I dunno. The Sony's always seemed so simple. Then I get that thing that only came up with Satellite, TV, etc. One of them was also labeled Cable. Can't help but wonder how many folks have cable and satellite feeds. I almost bought a Denon, then I stopped because at BB you don't get to read the manuals before you buy something and I didn't feel like rewiring another one and having to unwire it and take it back. Easier to stick with something I understand.

Rich


----------



## Rich (Feb 22, 2007)

kikkenit2 said:


> Higher end receivers will allow "renaming" inputs. If you connect hdmi to avr you shouldn't need so much optical audio. Yamaha is the only major brand that just numbers the inputs. I have 7 hr20 so naming is a joke here too. *The backside of most receivers still have numbers along with the names at the hdmi inputs.*


All the receivers I looked at had numbers and names on the back. I didn't want to spend a lot on a new one because it's in a room where I usually don't spend that much time.

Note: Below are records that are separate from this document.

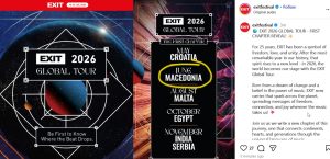 Според објавата на официјалниот Инстаграм профил на EXIT, првите дестинации за 2026 Exit Global Tour година се Египет, Индија, Малта, Хрватска, Македонија и Србија.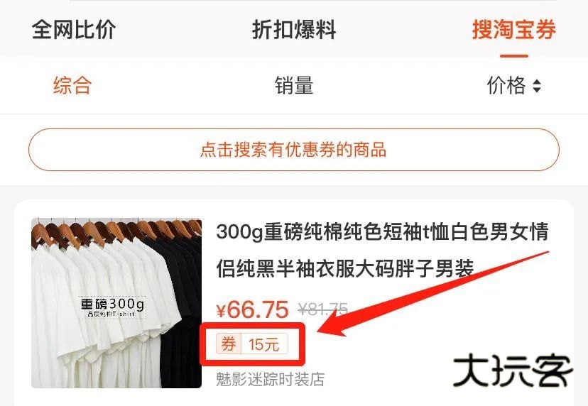 慢慢除了能查询历史价格外,它还能检索出商品的优惠信息。就拿这件T恤来说,点击“搜优惠券”就能折上折!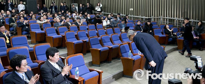 (서울=포커스뉴스) 김종인 더불어민주당 비대위원장이 29일 오후 서울 여의도 국회에서 열린 의원총회에 참석해 의원들을 향해 인사하고 있다.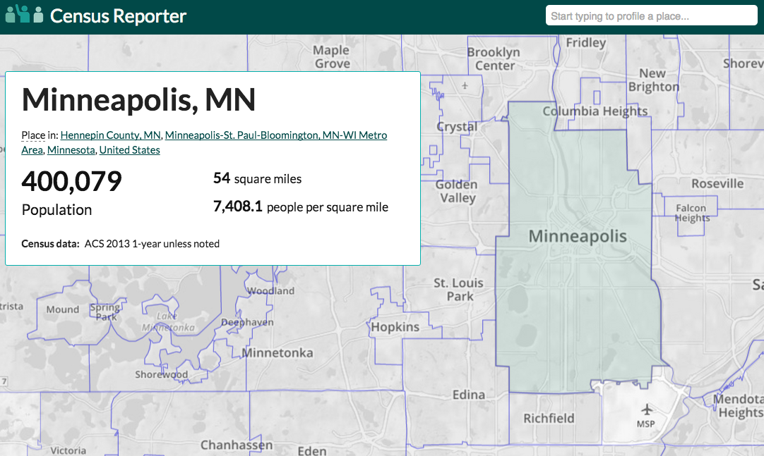 Let’s start with Profile. Type Minneapolis, MN into the Profile search box. You’ll see multiple results come up. CensusReporter will return each geography that contains a place. So we see one result for Minneapolis the place and one for Hennepin County. Choose Minneapolis, MN the place. Check out the map near the top after you’ve made your selection: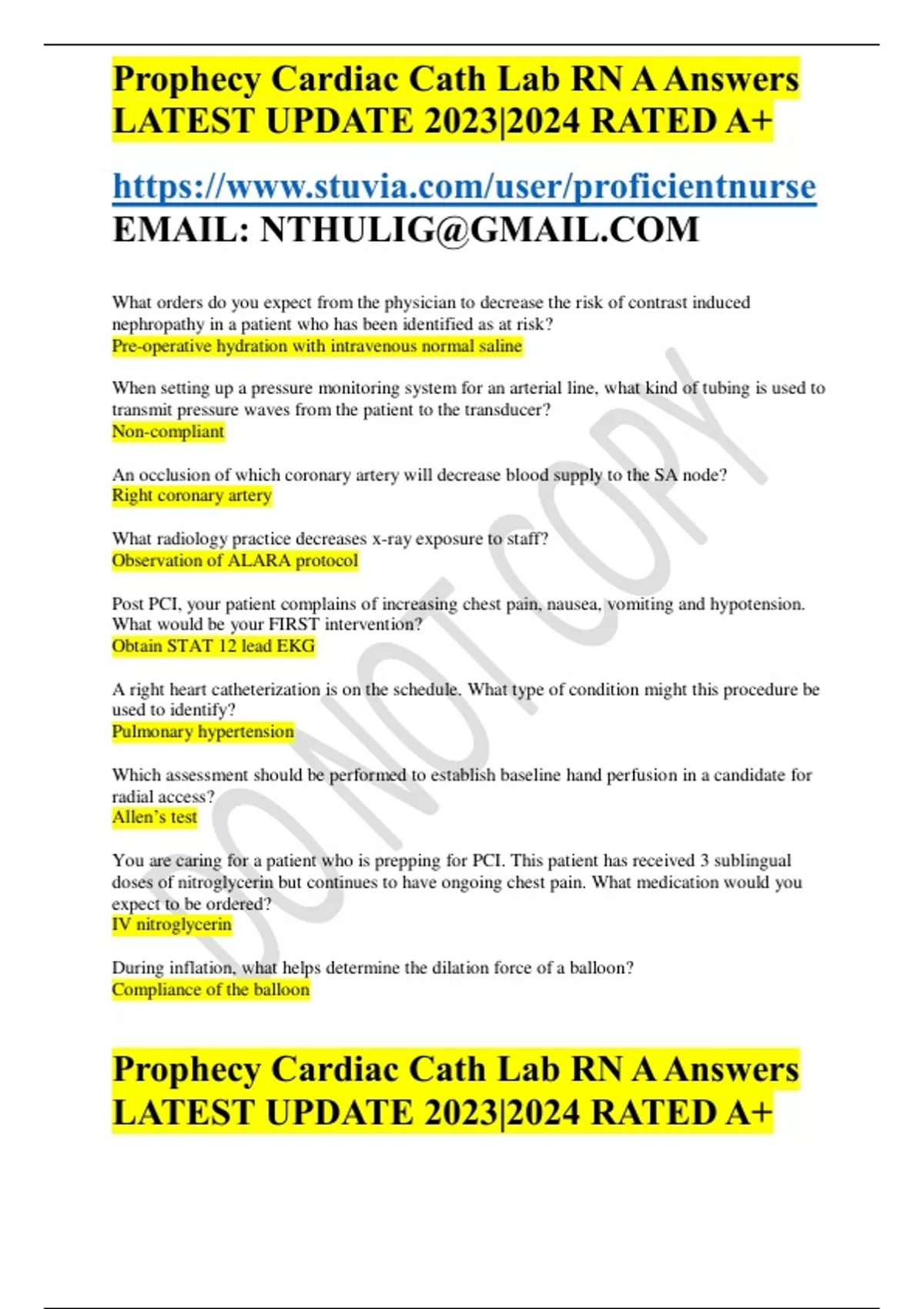 Prophecy Cardiac Cath Lab RN A Answers LATEST UPDATE 2023|2024 RATED A+ EMAIL: Prophecy Cardiac Cath Lab RN A Answers LATEST UPDATE 2023|2024 RATED A+ What orders do you expect from the physician to decrease the risk of contrast induced nephropathy in a patient who has been identified as at risk? Pre-operative hydration with intravenous normal saline When setting up a pressure monitoring system for an arterial line, what kind of tubing is used to transmit pressure waves from the patient to the transducer? Non-compliant An occlusion of which coronary artery will decrease blood supply to the SA node? Right coronary artery What radiology practice decreases x-ray exposure to staff? Observation of ALARA protocol Post PCI, your patient complains of increasing chest pain, nausea, vomiting and hypotension. What would be your FIRST intervention? Obtain STAT 12 lead EKG A right heart catheterization is on the schedule. What type of condition might this procedure be used to identify? Pulmonary hypertension Which assessment should be performed to establish baseline hand perfusion in a candidate for radial access? Allen’s test You are caring for a patient who is prepping for PCI. This patient has received 3 sublingual doses of nitroglycerin but continues to have ongoing chest pain. What medication would you expect to be ordered? IV nitroglycerin During inflation, what helps determine the dilation force of a balloon? Compliance of the balloon

It's kinda like a "junction box" room. Wires all over the place and I'd like to clean up the wiring so I can get a contractor in and have the room spiffed up. I'll be able to do that with the 800 I bought. The 800 I have is in the room we usually use and I really cleaned up a lot of the wiring when I installed it.

Rich


----------



## Rich (Feb 22, 2007)

sigma1914 said:


> I have a Yamaha RX-V465 that sounds great and comes labeled with HDMI 1, HDMI 2, etc. that can be renamed anything from the presets of Satellite to custom names. It's also easy to tell if it's DD, TrueHD, etc.


Remember the problems I had with that same Yamaha model I bought at Costco?

Rich


----------



## WestDC (Feb 9, 2008)

rich584 said:


> No learning curve on the 800 I just purchased. I've already got one of them and I know how it works.
> 
> Rich


I thought you really branching out


----------



## sigma1914 (Sep 5, 2006)

rich584 said:


> Remember the problems I had with that same Yamaha model I bought at Costco?
> 
> Rich


No, but there's the problem...buying electronics from the same place you can buy a gallon bottle of mustard. :lol:


----------



## BattleZone (Nov 13, 2007)

Rich,

Many (most) newer HDMI-equipped receivers work differently than older receivers, because there are just so many differnet ways you might need to connect a source. So, most of them have x-number of composite imputs, y-number of component inputs, z-number of HDMI inputs, etc. You plug your components into them, and then you create a software "patch" using the on-screen menu that tells the receiver which video input and which audio input to use for that patch, and which outputs to route them to.

Example:

Blu-Ray
======
Video Input - HDMI 2
Audio Input - HDMI 2

Xbox-360
=======
Video Input - Component 3
Audio Input - Coaxial Digital 1

VCR
===
Video Input - Composite 1
Audio Input - Analog Stereo 1

PS2
===
Video Input - Composite 2
Audio Input - Optical 3


Instead of trying to guess what inputs you are likely to use (and inevitably being wrong sometimes) and pre-packaging those patches with hard-coded labels and buttons, you now create your own patches using whichever inputs you choose to use, limited only by the number and type of inputs in the AV receiver you buy.


----------



## Herdfan (Mar 18, 2006)

rich584 said:


> All of a sudden they decide to change everything they always had on them? Why? Is it really a dumbing down thing?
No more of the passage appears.